Task 7: Text Encoding
---------------------
For a given text (a sequence of $S$ characters), provide the encoding $\mathcal X \in R^{B\times S\times D}$.
Assure that the batch index $B=1$ is added to the encoding, so that the network is able to handle it.

In [None]:
def encode(text):
  encoding = ...
  return encoding

Task 8: Next Element Prediction
-------------------------------

Implement a function that return the next character from the logits returned by the network.
Note that the logits are in dimension $\mathcal Y \in \mathbb R^{B\times S\times D}$ with $B=1$, and we are generally only interested in the prediction for the last sequence item.

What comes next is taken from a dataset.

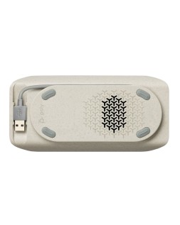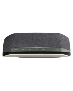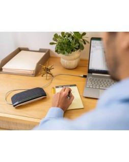 Altavoz manos libres todo en uno. Ofrece un audio excelente para llamadas de voz, videoconferencias, seminarios web y podcasts, además de música de alta calidad. Dos micrófonos reducen el ruido. El audio full dúplex permite mantener conversaciones simultáneas. Cuenta con conectividad USB-A o USB-C plug-and-play. Luces LED y barra de luz altamente visibles que permiten ver el estado de las llamadas desde toda la sala. Resistente al polvo y al agua. Medidas: 182 x 32,5 x 89,5 mm. Peso: 300 g.
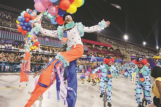 当地时间2月21日凌晨,在巴西里约热内卢桑巴大道,一名桑巴舞校演员参加狂欢节游行。

Select the character with the highest SoftMax probability $\max_o z^{\{S\}}_o$ and append this character to the `text`.
Alternatively, we can also randomly draw a character based on the SoftMax probability distribution $\vec y^{\{S\}}$. `random.choices` provides the possibility to pass a list of characters and a list of probabilities.

In [None]:
def predict(z, use_best):
  # select the appropriate logits
  z_S = ...
  if use_best:
    # take character with maximum probability
    next_char = ...
  else:
    # sample character based on class probabilities
    next_char = ...
  return next_char

Task 9: Sequence Completion
---------------------------

Write a function that takes a `seed` text which it will complete with the given number of characters.
Write a loop that turns the current `text` into an encoded sequence of its characters using the function from Task 7.
Forward the text through the network and take the prediction of the last sequence item $\vec z^{\{S\}}$ using the function from Task 8.
Append this to the current text (remember that Python strings are immutable).
Repeat this loop 80 times, and return the resulting `text`.

In [None]:
def sequence_completion(seed, count, use_best):
  # we start with the given seed
  text = seed
  for i in range(count):
    # turn current text to one-hot batch
    x = ...
    # predict the next character
    next_char = ...
    # append character to text
    ...
    
  return text

Task 10: Text Production
-----------------------

Select several seeds (such as `"the ", "beau", "mothe", "bloo"`) and let the network predict the following 80 most probable characters, or using probability sampling.
Write the completed sentences to console.

In [None]:
seeds = ...

for seed in seeds:
  best = ...
  # print seed and text
  print (f"\"{seed}\" -> \"{best}\"")
  sampled = ...
  # print seed and text
  print (f"\"{seed}\" -> \"{sampled}\"")
  print()